I’m I the only person that remembers that it was “you wouldn’t steal a car” or has everyone just decided to pretend it was “you wouldn’t download a car” because that’s easier to dunk on.
You wouldn’t shoot a policeman and then steal his helmet.
These anti piracy commercials have gotten really mean.
People remember the parody, which is usually modified to be more recognizable. Like Darth Vader never said “Luke, I am your father”; in the movie it’s actually “No, I am your father”.
Maybe add a spoiler alert next time. Jeez.
Spoiler alert, but Rosebud was his sled all along.
I’m pretty sure it’s either Mandela Effect or a massive gaslighting conspiracy. Though I guess that’s true for everything that’s collectively misremembered.
Then OpenAI should pay for a copy, like we do.
Is their an official statement if OpenAI pays for at least one copy of whatever they throw into the bots?
Counteroffer. We eliminate copyright laws all together. For anyone and everyone.
Let move to a system in which we found the projects before their release. And once released they are available to everyone for free.
Also let’s make a system where everyone can work a basic work like 20-30 hours a week and get a living wage and the rest of the time we can just produce art of any kind of thing for free to anyone and we’ll already had our needs covered.
And free cotton candy and rainbows for everybody!
Even if you come to the conclusion that these models should be allowed to “learn” from copyrighted material, the issue is that they can and will reproduce copyrighted material.

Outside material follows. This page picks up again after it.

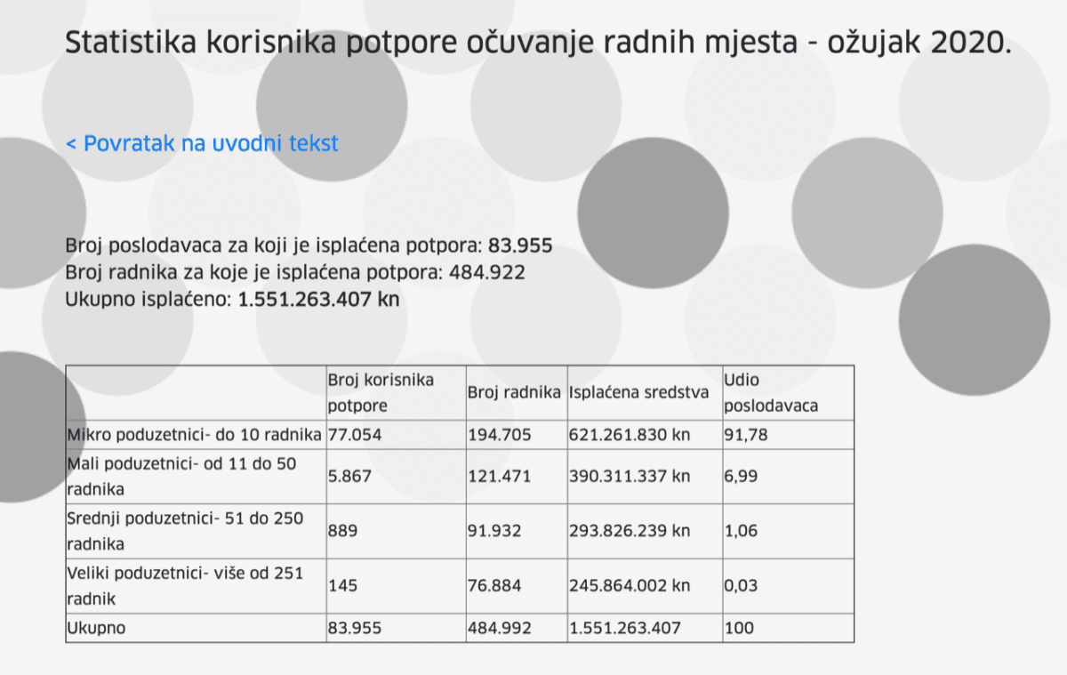 Prema izvješću s HZZ-au ožujku je isplaćeno više od 1,5 milijardi kuna za 484.992 radnika u vidu potpore za očuvanje radnih mjesta. Može se očekivati i porast potpora za travanj. Iz izvješća za ožujak, poslodavci s više od 100 zaposlenika zapošljavajuukupno nešto više od 130 tisuća radnika. Ukoliko konzervativno procijenimo da bi samo 30% poslodavaca moglo zadržati 750 kn po radniku u travnju, tada bi porezni obveznici bili oštećeni za nešto manje od 30 milijuna kuna. Kada se 30%-tna konzervativna procjena primjeni na sveposlodavce, osim onih koji zapošljavaju jednog zaposlenika, govorimo o nešto više od 450 tisuća radnika. Tada se štete broje u više od 100 milijuna kuna.
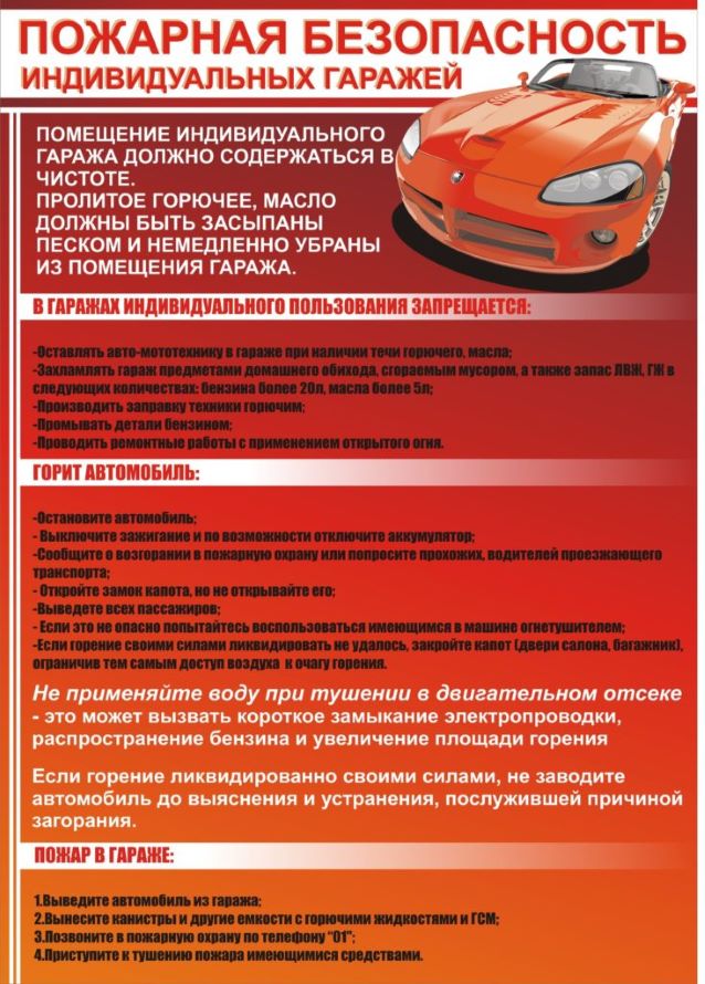 не сушите картофельные ямы открытым огнем и не позволяйте это делать соседям; при длительной стоянке техники отключайте электропроводку автомобиля от аккумуляторной батареи; позаботьтесь о средствах первичного пожаротушения (огнетушителях); наведите надлежащий противопожарный порядок в самих постройках: уберите запас топлива свыше 20 литров бензина и 5 литров масла; не выполняйте огневые работ и не используйте открытый огонь; приведите в порядок территорию, прилегающую к гаражу, уберите сгораемый мусор и сухую траву, а также пролитую легковоспламеняющуюся жидкость, засыпав ее песком. не храните в гараже спецодежду, пропитанную топливо-смазочными материалами; категорически запрещается производить в гараже малярные работы, а также промывку деталей керосином, бензином или другими легковоспламеняющимися жидкостями, а также зарядку аккумуляторов на транспортных средствах; все токоведущие части электропроводки должны быть изолированы. Переносные лампы допустимо использовать только заводского изготовления; в гаражах запрещено использовать электронагревательные приборы.При возникновении пожара:

They might not recreate a picture of Mickey Mouse that exists already, but they will draw a picture of Mickey Mouse. Just like I could, except I’m aware that I can’t monetize it in any way. Well, new Mickey Mouse.
This is an issue for the AI user though. And I do agree that needs to be more conscious in people’s minds. But I think time will change that. Perhaps when the photo camera came out there were some shmucks that took pictures of people’s artworks and claimed it as their own because the novelty of the technology allowed that for a bit, but eventually those people are properly differentiated from people properly using it.
Okay that’s just stupid. I’m really fond of AI but that’s just common Greed.
“Free the Serfs?! We can’t survive without their labor!!” “Stop Child labour?! We can’t survive without them!” “40 Hour Work Week?! We can’t survive without their 16 Hour work Days!”
If you can’t make profit yet, then fucking stop.
I hate to say this but “let the market decide” if Ai is something the consumer wants/needs they’ll pay for it otherwise let it die.